- [EXERCISE AIM] Pictures stay out of the copy, which must hold exactly the lines from the one containing "10月28日,重庆机场举行危" through the end of the material below.

- [DATASET CONTENT]

• • •

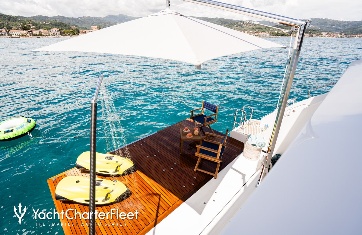 Set against the backdrop of your chosen cruising ground, you and your guests can enjoy fun on the water with the collection of water toys and accessories aboard Vesta. Principle among these is a JOBE towable toy offering fun and adventure. Another excellent feature is a JOBE waterski that are hugely entertaining whether you are a beginner or a seasoned pro. In addition there are two F5s SEABOBs, that allow you to skim along the surface or steer under the crystal water and see a variety of aquatic sea life. If that isn't enough Vesta also features wakeboards, paddleboards and snorkelling equipment. Vesta also sports a 4.45m/14'7" Williams Jet Tenders to transport you with ease.
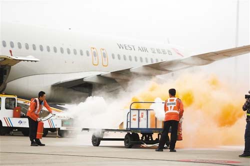 10月28日,重庆机场举行危险品应急处置联合演练。机场工作人员正在用灭火器控制“火势”。
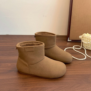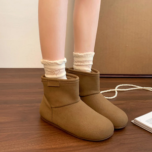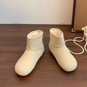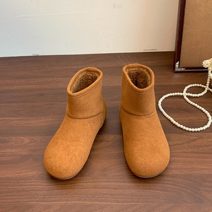 森系厚底皮毛一体雪地靴加绒加厚小土豆雪靴冬季复古真皮博肯短靴

• • •

- [RESPONSE]
 10月28日,重庆机场举行危险品应急处置联合演练。机场工作人员正在用灭火器控制“火势”。
 森系厚底皮毛一体雪地靴加绒加厚小土豆雪靴冬季复古真皮博肯短靴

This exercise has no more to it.